YOUR INSTRUCTIONS:
Output the listing below verbatim, without images.

DATA TO PROCESS:
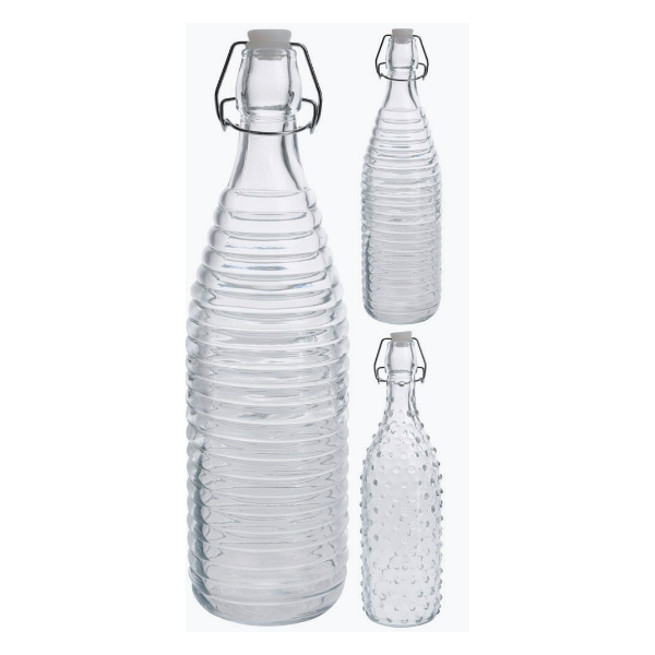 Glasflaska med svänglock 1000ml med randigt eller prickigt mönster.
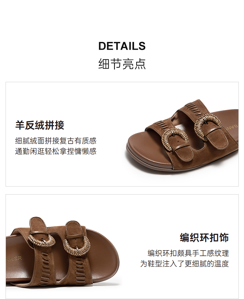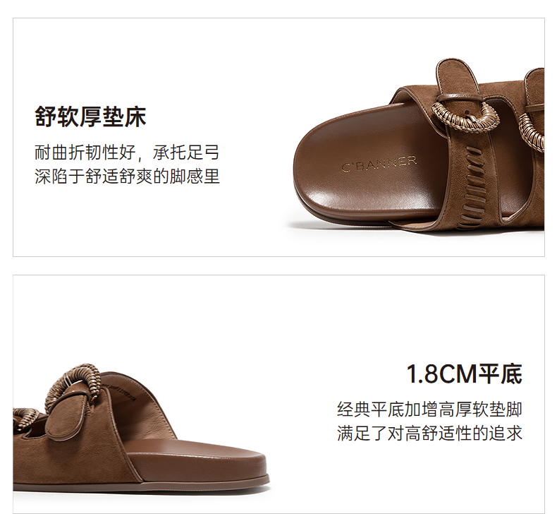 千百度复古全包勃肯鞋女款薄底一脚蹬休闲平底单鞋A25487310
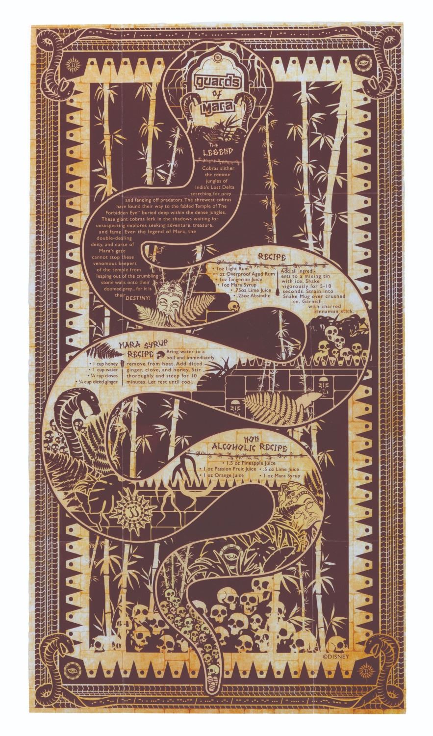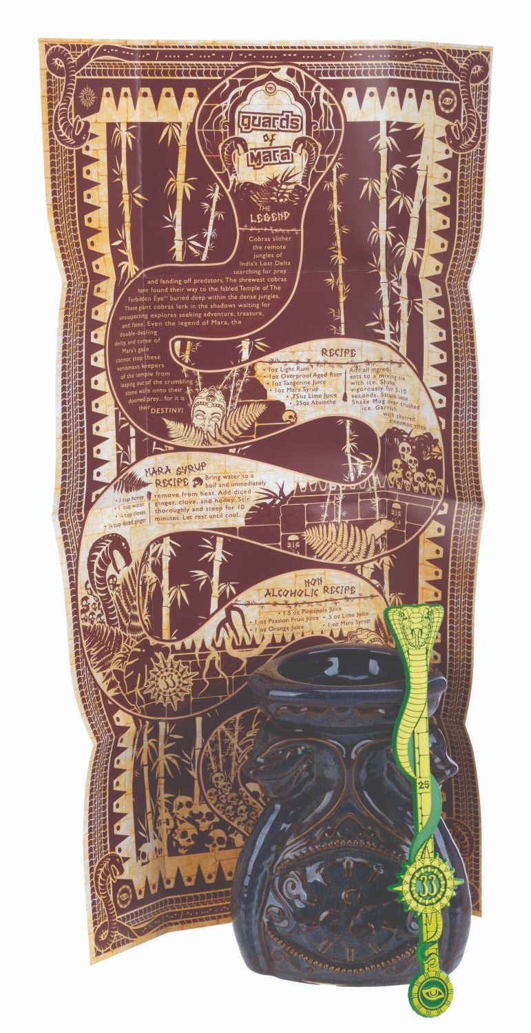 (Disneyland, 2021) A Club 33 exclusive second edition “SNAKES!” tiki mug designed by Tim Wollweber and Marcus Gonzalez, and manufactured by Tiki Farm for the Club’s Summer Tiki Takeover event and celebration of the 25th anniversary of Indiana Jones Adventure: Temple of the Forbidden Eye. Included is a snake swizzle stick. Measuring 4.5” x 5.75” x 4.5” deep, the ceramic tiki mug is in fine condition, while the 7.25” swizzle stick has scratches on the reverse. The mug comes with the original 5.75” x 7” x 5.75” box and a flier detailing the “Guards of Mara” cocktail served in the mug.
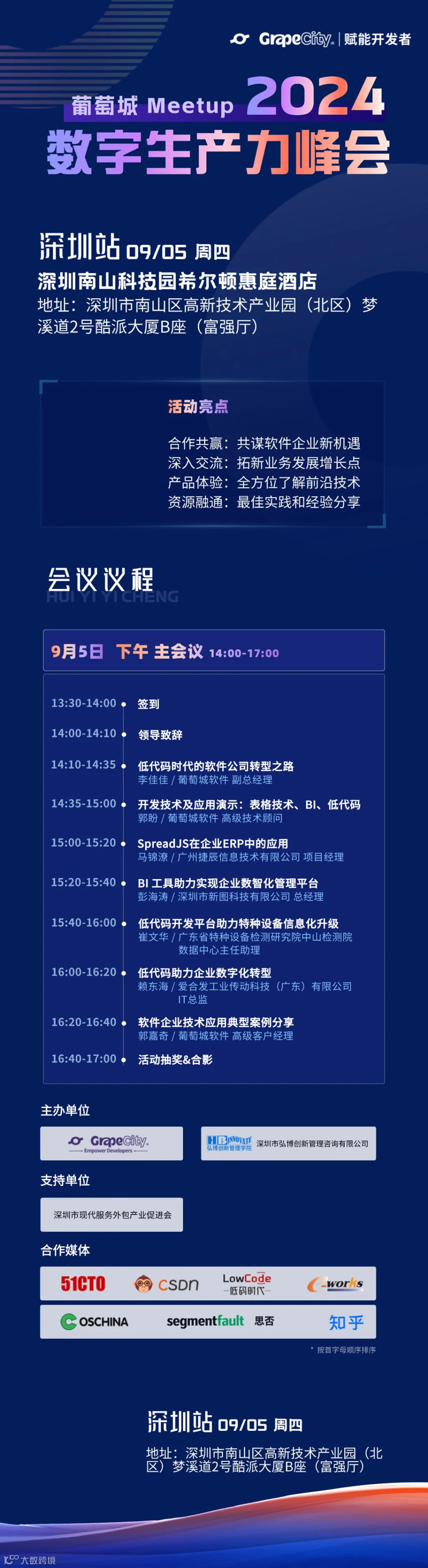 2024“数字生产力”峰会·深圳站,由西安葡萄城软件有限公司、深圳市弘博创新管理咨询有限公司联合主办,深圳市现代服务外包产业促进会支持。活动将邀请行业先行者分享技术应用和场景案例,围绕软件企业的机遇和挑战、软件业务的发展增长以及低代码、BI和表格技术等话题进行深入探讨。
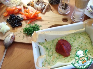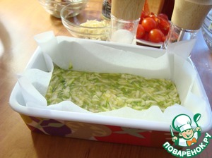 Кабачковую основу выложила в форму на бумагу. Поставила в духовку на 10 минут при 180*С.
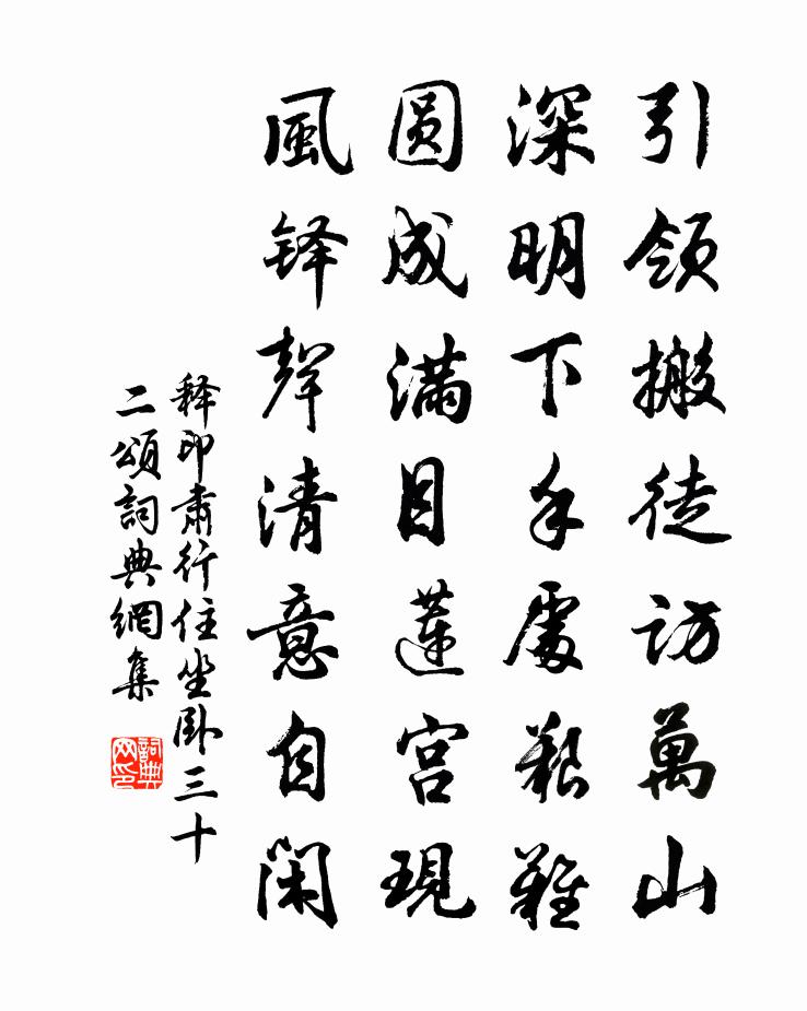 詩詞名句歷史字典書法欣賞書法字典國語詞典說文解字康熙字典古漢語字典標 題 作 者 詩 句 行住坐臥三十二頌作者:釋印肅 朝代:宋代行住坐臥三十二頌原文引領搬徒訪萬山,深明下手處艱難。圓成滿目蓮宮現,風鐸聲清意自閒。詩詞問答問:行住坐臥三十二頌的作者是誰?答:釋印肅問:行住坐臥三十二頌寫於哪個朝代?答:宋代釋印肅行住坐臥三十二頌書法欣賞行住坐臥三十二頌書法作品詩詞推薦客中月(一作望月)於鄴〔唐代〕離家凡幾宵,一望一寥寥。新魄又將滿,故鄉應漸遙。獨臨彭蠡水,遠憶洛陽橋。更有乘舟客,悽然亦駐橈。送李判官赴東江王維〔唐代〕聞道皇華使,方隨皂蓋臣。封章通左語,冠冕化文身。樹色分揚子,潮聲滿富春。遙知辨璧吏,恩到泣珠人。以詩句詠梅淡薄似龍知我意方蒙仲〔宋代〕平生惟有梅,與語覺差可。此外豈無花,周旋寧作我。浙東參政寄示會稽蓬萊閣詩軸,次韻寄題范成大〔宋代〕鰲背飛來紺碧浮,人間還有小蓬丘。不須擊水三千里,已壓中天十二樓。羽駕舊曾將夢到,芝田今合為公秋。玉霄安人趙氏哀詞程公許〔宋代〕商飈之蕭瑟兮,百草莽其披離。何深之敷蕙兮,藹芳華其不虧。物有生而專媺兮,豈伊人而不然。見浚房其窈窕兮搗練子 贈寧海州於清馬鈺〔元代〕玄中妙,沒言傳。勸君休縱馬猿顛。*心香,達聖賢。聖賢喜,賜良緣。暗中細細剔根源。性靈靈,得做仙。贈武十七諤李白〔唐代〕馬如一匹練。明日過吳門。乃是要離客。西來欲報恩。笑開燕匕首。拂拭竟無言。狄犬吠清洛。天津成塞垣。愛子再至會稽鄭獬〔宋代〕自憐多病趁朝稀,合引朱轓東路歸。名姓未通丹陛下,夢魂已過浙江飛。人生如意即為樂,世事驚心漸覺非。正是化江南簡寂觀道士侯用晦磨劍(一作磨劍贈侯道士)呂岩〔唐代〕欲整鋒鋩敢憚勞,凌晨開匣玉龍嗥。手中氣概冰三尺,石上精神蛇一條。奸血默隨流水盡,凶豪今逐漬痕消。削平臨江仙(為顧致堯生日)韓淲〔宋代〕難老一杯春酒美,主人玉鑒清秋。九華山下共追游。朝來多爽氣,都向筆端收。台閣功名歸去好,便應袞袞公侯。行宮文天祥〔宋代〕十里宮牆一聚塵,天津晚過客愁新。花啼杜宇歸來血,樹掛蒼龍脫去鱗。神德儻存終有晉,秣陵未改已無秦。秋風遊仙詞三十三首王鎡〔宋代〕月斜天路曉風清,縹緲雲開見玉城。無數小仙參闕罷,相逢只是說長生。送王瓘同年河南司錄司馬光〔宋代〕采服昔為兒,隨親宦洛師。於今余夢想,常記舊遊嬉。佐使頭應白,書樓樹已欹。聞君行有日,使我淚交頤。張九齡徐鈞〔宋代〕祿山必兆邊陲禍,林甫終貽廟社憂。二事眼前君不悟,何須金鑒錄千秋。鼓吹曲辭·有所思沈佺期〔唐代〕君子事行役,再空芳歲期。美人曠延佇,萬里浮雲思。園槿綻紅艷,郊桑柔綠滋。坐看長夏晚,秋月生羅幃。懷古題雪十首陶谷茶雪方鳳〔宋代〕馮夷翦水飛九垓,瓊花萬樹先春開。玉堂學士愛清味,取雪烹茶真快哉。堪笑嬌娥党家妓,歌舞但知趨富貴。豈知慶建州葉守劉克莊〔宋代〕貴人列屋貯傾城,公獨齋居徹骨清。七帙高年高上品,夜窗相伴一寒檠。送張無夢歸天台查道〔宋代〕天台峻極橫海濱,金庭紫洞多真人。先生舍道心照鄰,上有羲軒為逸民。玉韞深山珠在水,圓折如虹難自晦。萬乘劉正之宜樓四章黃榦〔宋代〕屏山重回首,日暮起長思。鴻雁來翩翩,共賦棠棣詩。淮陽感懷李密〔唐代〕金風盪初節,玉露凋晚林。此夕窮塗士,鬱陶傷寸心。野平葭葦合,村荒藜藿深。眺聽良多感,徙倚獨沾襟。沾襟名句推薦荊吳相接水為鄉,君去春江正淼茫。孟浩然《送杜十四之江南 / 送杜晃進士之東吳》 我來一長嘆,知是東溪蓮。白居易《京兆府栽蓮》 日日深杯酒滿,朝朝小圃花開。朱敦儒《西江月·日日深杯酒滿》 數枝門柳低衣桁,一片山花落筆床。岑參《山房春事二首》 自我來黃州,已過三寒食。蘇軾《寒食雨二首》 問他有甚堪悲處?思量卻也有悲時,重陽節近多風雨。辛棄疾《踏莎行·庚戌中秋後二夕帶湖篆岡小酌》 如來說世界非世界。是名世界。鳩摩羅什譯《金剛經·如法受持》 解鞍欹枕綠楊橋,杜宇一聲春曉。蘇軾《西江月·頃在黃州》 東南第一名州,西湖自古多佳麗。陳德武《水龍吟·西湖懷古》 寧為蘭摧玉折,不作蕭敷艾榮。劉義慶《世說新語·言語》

SOLUTION TO THIS EXERCISE:
 Glasflaska med svänglock 1000ml med randigt eller prickigt mönster.
 千百度复古全包勃肯鞋女款薄底一脚蹬休闲平底单鞋A25487310
 (Disneyland, 2021) A Club 33 exclusive second edition “SNAKES!” tiki mug designed by Tim Wollweber and Marcus Gonzalez, and manufactured by Tiki Farm for the Club’s Summer Tiki Takeover event and celebration of the 25th anniversary of Indiana Jones Adventure: Temple of the Forbidden Eye. Included is a snake swizzle stick. Measuring 4.5” x 5.75” x 4.5” deep, the ceramic tiki mug is in fine condition, while the 7.25” swizzle stick has scratches on the reverse. The mug comes with the original 5.75” x 7” x 5.75” box and a flier detailing the “Guards of Mara” cocktail served in the mug.
 2024“数字生产力”峰会·深圳站,由西安葡萄城软件有限公司、深圳市弘博创新管理咨询有限公司联合主办,深圳市现代服务外包产业促进会支持。活动将邀请行业先行者分享技术应用和场景案例,围绕软件企业的机遇和挑战、软件业务的发展增长以及低代码、BI和表格技术等话题进行深入探讨。
 Кабачковую основу выложила в форму на бумагу. Поставила в духовку на 10 минут при 180*С.
 詩詞名句歷史字典書法欣賞書法字典國語詞典說文解字康熙字典古漢語字典標 題 作 者 詩 句 行住坐臥三十二頌作者:釋印肅 朝代:宋代行住坐臥三十二頌原文引領搬徒訪萬山,深明下手處艱難。圓成滿目蓮宮現,風鐸聲清意自閒。詩詞問答問:行住坐臥三十二頌的作者是誰?答:釋印肅問:行住坐臥三十二頌寫於哪個朝代?答:宋代釋印肅行住坐臥三十二頌書法欣賞行住坐臥三十二頌書法作品詩詞推薦客中月(一作望月)於鄴〔唐代〕離家凡幾宵,一望一寥寥。新魄又將滿,故鄉應漸遙。獨臨彭蠡水,遠憶洛陽橋。更有乘舟客,悽然亦駐橈。送李判官赴東江王維〔唐代〕聞道皇華使,方隨皂蓋臣。封章通左語,冠冕化文身。樹色分揚子,潮聲滿富春。遙知辨璧吏,恩到泣珠人。以詩句詠梅淡薄似龍知我意方蒙仲〔宋代〕平生惟有梅,與語覺差可。此外豈無花,周旋寧作我。浙東參政寄示會稽蓬萊閣詩軸,次韻寄題范成大〔宋代〕鰲背飛來紺碧浮,人間還有小蓬丘。不須擊水三千里,已壓中天十二樓。羽駕舊曾將夢到,芝田今合為公秋。玉霄安人趙氏哀詞程公許〔宋代〕商飈之蕭瑟兮,百草莽其披離。何深之敷蕙兮,藹芳華其不虧。物有生而專媺兮,豈伊人而不然。見浚房其窈窕兮搗練子 贈寧海州於清馬鈺〔元代〕玄中妙,沒言傳。勸君休縱馬猿顛。*心香,達聖賢。聖賢喜,賜良緣。暗中細細剔根源。性靈靈,得做仙。贈武十七諤李白〔唐代〕馬如一匹練。明日過吳門。乃是要離客。西來欲報恩。笑開燕匕首。拂拭竟無言。狄犬吠清洛。天津成塞垣。愛子再至會稽鄭獬〔宋代〕自憐多病趁朝稀,合引朱轓東路歸。名姓未通丹陛下,夢魂已過浙江飛。人生如意即為樂,世事驚心漸覺非。正是化江南簡寂觀道士侯用晦磨劍(一作磨劍贈侯道士)呂岩〔唐代〕欲整鋒鋩敢憚勞,凌晨開匣玉龍嗥。手中氣概冰三尺,石上精神蛇一條。奸血默隨流水盡,凶豪今逐漬痕消。削平臨江仙(為顧致堯生日)韓淲〔宋代〕難老一杯春酒美,主人玉鑒清秋。九華山下共追游。朝來多爽氣,都向筆端收。台閣功名歸去好,便應袞袞公侯。行宮文天祥〔宋代〕十里宮牆一聚塵,天津晚過客愁新。花啼杜宇歸來血,樹掛蒼龍脫去鱗。神德儻存終有晉,秣陵未改已無秦。秋風遊仙詞三十三首王鎡〔宋代〕月斜天路曉風清,縹緲雲開見玉城。無數小仙參闕罷,相逢只是說長生。送王瓘同年河南司錄司馬光〔宋代〕采服昔為兒,隨親宦洛師。於今余夢想,常記舊遊嬉。佐使頭應白,書樓樹已欹。聞君行有日,使我淚交頤。張九齡徐鈞〔宋代〕祿山必兆邊陲禍,林甫終貽廟社憂。二事眼前君不悟,何須金鑒錄千秋。鼓吹曲辭·有所思沈佺期〔唐代〕君子事行役,再空芳歲期。美人曠延佇,萬里浮雲思。園槿綻紅艷,郊桑柔綠滋。坐看長夏晚,秋月生羅幃。懷古題雪十首陶谷茶雪方鳳〔宋代〕馮夷翦水飛九垓,瓊花萬樹先春開。玉堂學士愛清味,取雪烹茶真快哉。堪笑嬌娥党家妓,歌舞但知趨富貴。豈知慶建州葉守劉克莊〔宋代〕貴人列屋貯傾城,公獨齋居徹骨清。七帙高年高上品,夜窗相伴一寒檠。送張無夢歸天台查道〔宋代〕天台峻極橫海濱,金庭紫洞多真人。先生舍道心照鄰,上有羲軒為逸民。玉韞深山珠在水,圓折如虹難自晦。萬乘劉正之宜樓四章黃榦〔宋代〕屏山重回首,日暮起長思。鴻雁來翩翩,共賦棠棣詩。淮陽感懷李密〔唐代〕金風盪初節,玉露凋晚林。此夕窮塗士,鬱陶傷寸心。野平葭葦合,村荒藜藿深。眺聽良多感,徙倚獨沾襟。沾襟名句推薦荊吳相接水為鄉,君去春江正淼茫。孟浩然《送杜十四之江南 / 送杜晃進士之東吳》 我來一長嘆,知是東溪蓮。白居易《京兆府栽蓮》 日日深杯酒滿,朝朝小圃花開。朱敦儒《西江月·日日深杯酒滿》 數枝門柳低衣桁,一片山花落筆床。岑參《山房春事二首》 自我來黃州,已過三寒食。蘇軾《寒食雨二首》 問他有甚堪悲處?思量卻也有悲時,重陽節近多風雨。辛棄疾《踏莎行·庚戌中秋後二夕帶湖篆岡小酌》 如來說世界非世界。是名世界。鳩摩羅什譯《金剛經·如法受持》 解鞍欹枕綠楊橋,杜宇一聲春曉。蘇軾《西江月·頃在黃州》 東南第一名州,西湖自古多佳麗。陳德武《水龍吟·西湖懷古》 寧為蘭摧玉折,不作蕭敷艾榮。劉義慶《世說新語·言語》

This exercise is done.